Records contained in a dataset
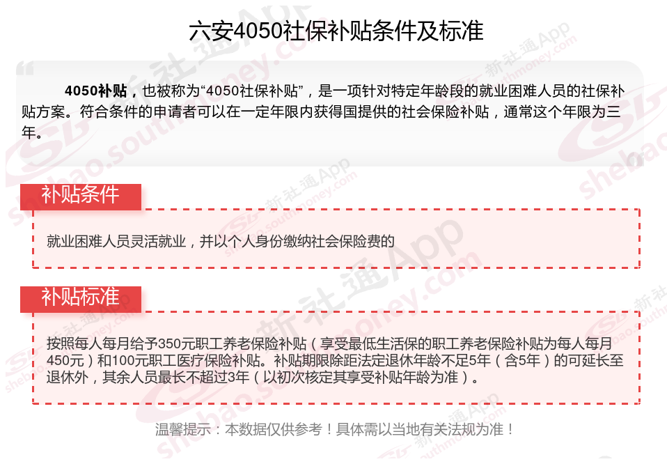 一、2025年六安灵活就业4050社保补贴标准及条件是什么
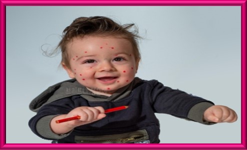 - 붉은 반점(홍반): 얼굴, 두피, 가슴, 위에 작은 붉은 반점이 나타나기 시작한다.
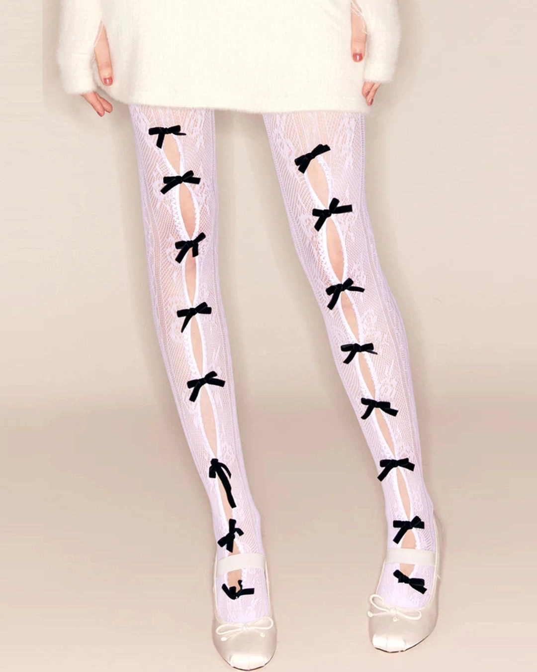 Nodress White Bowknot Fishnet Tights, $50
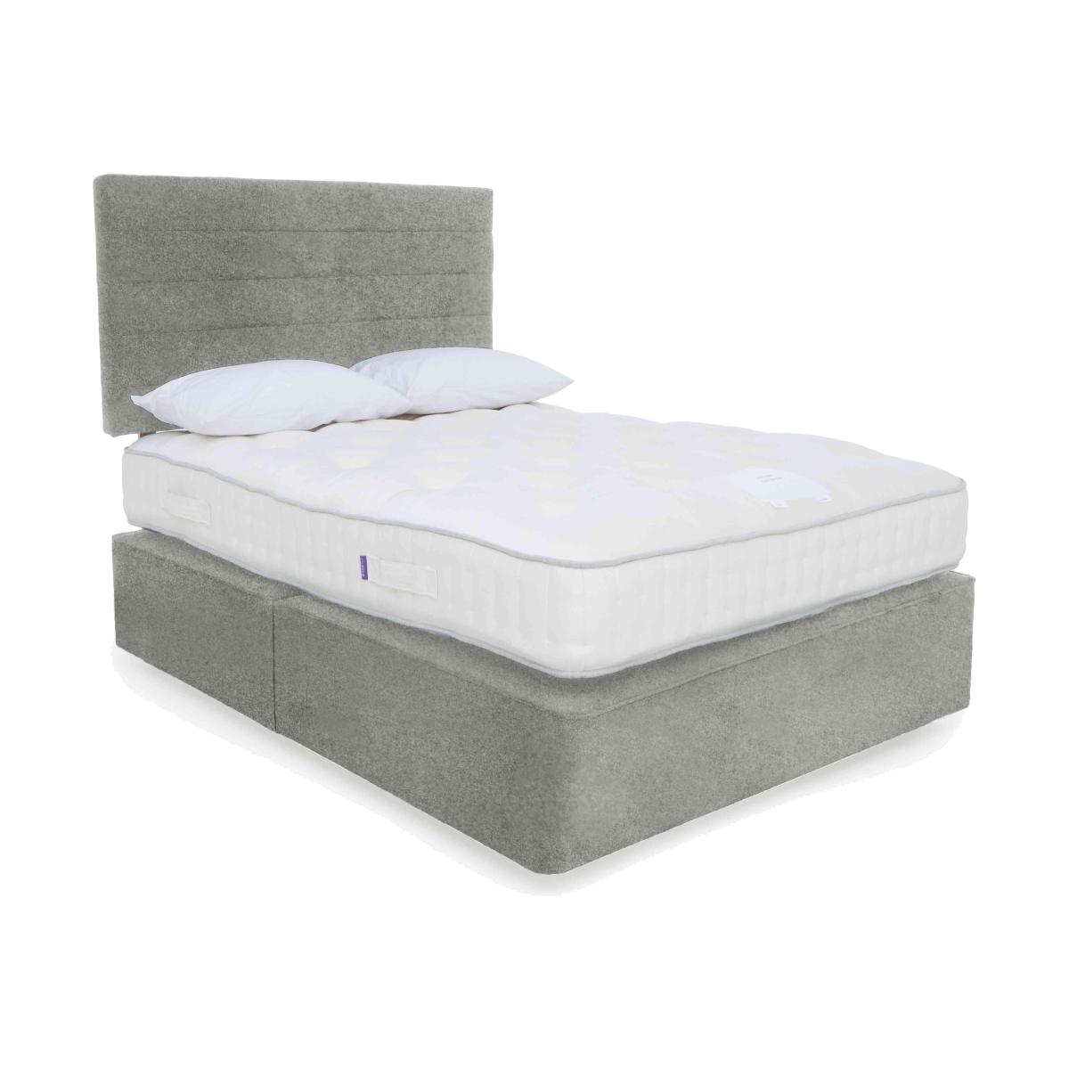 Yorkshire born and bred, Harrison Spinks Yorkshire mattresses and divan sets are exclusive to Furniture Village and handcrafted to order. Every mattress is layered with all-natural fillings that are either produced on Harrison Spinks’ own farm in Yorkshire or sourced locally, a commitment that means every bed is as environmentally-friendly as it is comfortable. High-density pocket springs along with thousands of cushioning micro springs ensure that every mattress promises both personalised support and sumptuous luxury. Sprung firm-edge divan bases are beautifully upholstered in a range of fabrics, and feature optional storage drawer configurations. Harrison Spinks is a family-owned company and has been making wonderful British beds since 1840. You’ll sleep better on this wonderful Harrison Spinks divan set. This divan bed includes a firm mattress with natural wool and hemp fillings plus a sprung divan base. Why you'll love it Style meets support in this Harrison Spinks divan set. This divan set’s firm-feel, no-turn mattress has 7,500 pocket springs in king size. With a super-supportive CortecT M Quad spring system plus layers of micro springs. Filled with naturally springy wool, hypoallergenic hemp and breathable cotton. All wool is ethically sourced from traceable British farms. Hemp is grown on Harrison Spinks’ own farm. Filled, tufted and side stitched by hand. Made without foam, glue and chemical fire-retardants for a more natural night’s sleep. Sprung base on castors with optional built-in storage drawers. Offered in a wide choice of upholstery fabrics. Handcrafted in Yorkshire exclusively for Furniture Village. This divan set is part of the Harrison Spinks Yorkshire 7.5. K collection. What you need to know Headboard is an optional extra. Mattress type: Pocket spring. Depth: 25 cm. Firmness: Firm. Springs: 7,500 in king size. Pillow top: No. Fillings: British wool, Yorkshire hemp, cotton. Cover: Wool and viscose. Requires turning: No. Base type: Pocket sprung with 1000 springs in king size. Optional drawer storage. Sizes: Single, small double, double, king and super king. Mattress care:Air for 4 hours before using to remove any odour. Allow at least 4 hours for springs to settle and for mattress to attain its full size. Indentations caused by settlement of fillings or body weight are normal and are not considered defects. If used on a slatted bed frame, the space between slats must be no wider than 7.5 cm. Spaces wider than this may cause excess dipping of the mattress and invalidate the guarantee. Always use a mattress protector. Rotate regularly. Divan base care: Clean upholstery weekly using a soft brush or vacuum with the curtain attachment. Professional cleaning advised for oil- and grease-based stains. Some fabrics can show wear on areas of more use or in direct sunlight.
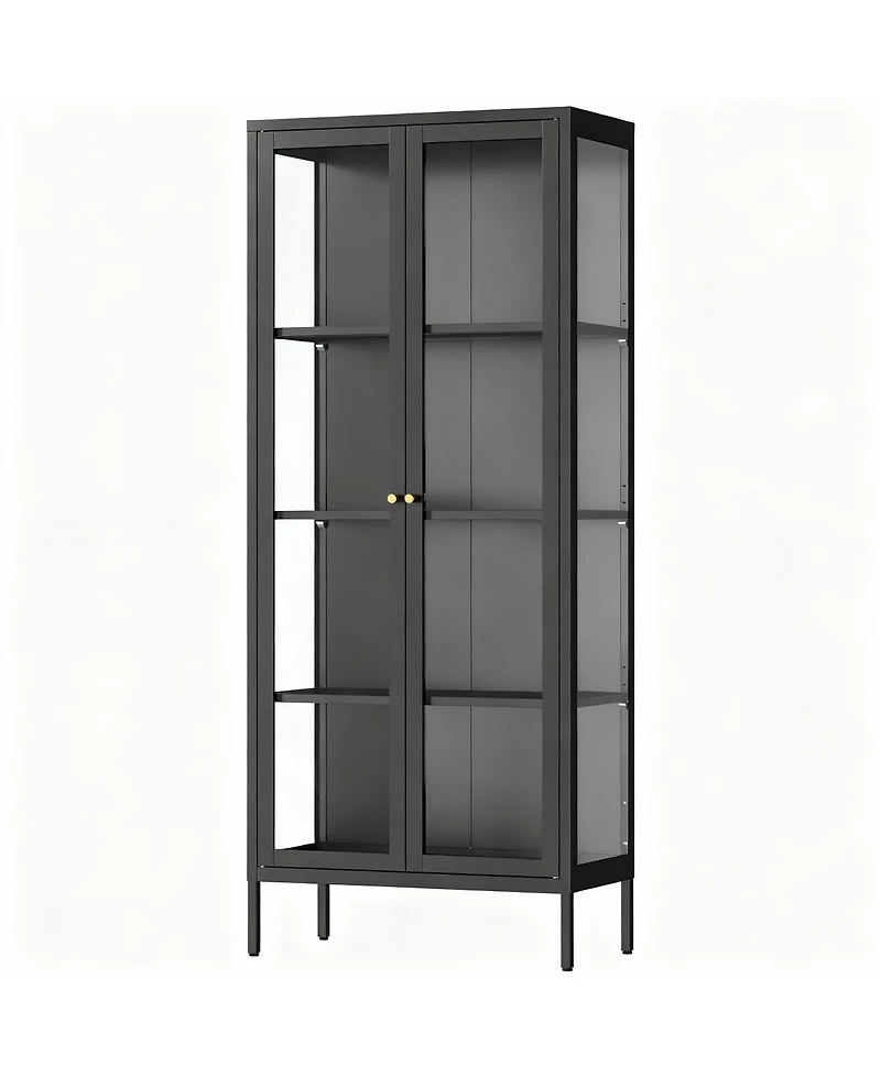 Three-sided visibility puts every detail of collectibles, crafts, figures or bags in full sight. The thickened steel frame holds up to 180 lb without wobble. A quick wipe keeps glass and metal looking new, and the powder-coated panels resist moisture and pests. Assembly is simple with the included guide and video two people and a power drill make it faster. Weight: 0.08 pounds. Length: 14.00 inch. Width: 28.00 inch. Height: 66.00 inch.

**EXERCISE PROMPT**
Output the records above unchanged, minus their pictures.

**TASK ANSWER**
 一、2025年六安灵活就业4050社保补贴标准及条件是什么
 - 붉은 반점(홍반): 얼굴, 두피, 가슴, 위에 작은 붉은 반점이 나타나기 시작한다.
 Nodress White Bowknot Fishnet Tights, $50
 Yorkshire born and bred, Harrison Spinks Yorkshire mattresses and divan sets are exclusive to Furniture Village and handcrafted to order. Every mattress is layered with all-natural fillings that are either produced on Harrison Spinks’ own farm in Yorkshire or sourced locally, a commitment that means every bed is as environmentally-friendly as it is comfortable. High-density pocket springs along with thousands of cushioning micro springs ensure that every mattress promises both personalised support and sumptuous luxury. Sprung firm-edge divan bases are beautifully upholstered in a range of fabrics, and feature optional storage drawer configurations. Harrison Spinks is a family-owned company and has been making wonderful British beds since 1840. You’ll sleep better on this wonderful Harrison Spinks divan set. This divan bed includes a firm mattress with natural wool and hemp fillings plus a sprung divan base. Why you'll love it Style meets support in this Harrison Spinks divan set. This divan set’s firm-feel, no-turn mattress has 7,500 pocket springs in king size. With a super-supportive CortecT M Quad spring system plus layers of micro springs. Filled with naturally springy wool, hypoallergenic hemp and breathable cotton. All wool is ethically sourced from traceable British farms. Hemp is grown on Harrison Spinks’ own farm. Filled, tufted and side stitched by hand. Made without foam, glue and chemical fire-retardants for a more natural night’s sleep. Sprung base on castors with optional built-in storage drawers. Offered in a wide choice of upholstery fabrics. Handcrafted in Yorkshire exclusively for Furniture Village. This divan set is part of the Harrison Spinks Yorkshire 7.5. K collection. What you need to know Headboard is an optional extra. Mattress type: Pocket spring. Depth: 25 cm. Firmness: Firm. Springs: 7,500 in king size. Pillow top: No. Fillings: British wool, Yorkshire hemp, cotton. Cover: Wool and viscose. Requires turning: No. Base type: Pocket sprung with 1000 springs in king size. Optional drawer storage. Sizes: Single, small double, double, king and super king. Mattress care:Air for 4 hours before using to remove any odour. Allow at least 4 hours for springs to settle and for mattress to attain its full size. Indentations caused by settlement of fillings or body weight are normal and are not considered defects. If used on a slatted bed frame, the space between slats must be no wider than 7.5 cm. Spaces wider than this may cause excess dipping of the mattress and invalidate the guarantee. Always use a mattress protector. Rotate regularly. Divan base care: Clean upholstery weekly using a soft brush or vacuum with the curtain attachment. Professional cleaning advised for oil- and grease-based stains. Some fabrics can show wear on areas of more use or in direct sunlight.
 Three-sided visibility puts every detail of collectibles, crafts, figures or bags in full sight. The thickened steel frame holds up to 180 lb without wobble. A quick wipe keeps glass and metal looking new, and the powder-coated panels resist moisture and pests. Assembly is simple with the included guide and video two people and a power drill make it faster. Weight: 0.08 pounds. Length: 14.00 inch. Width: 28.00 inch. Height: 66.00 inch.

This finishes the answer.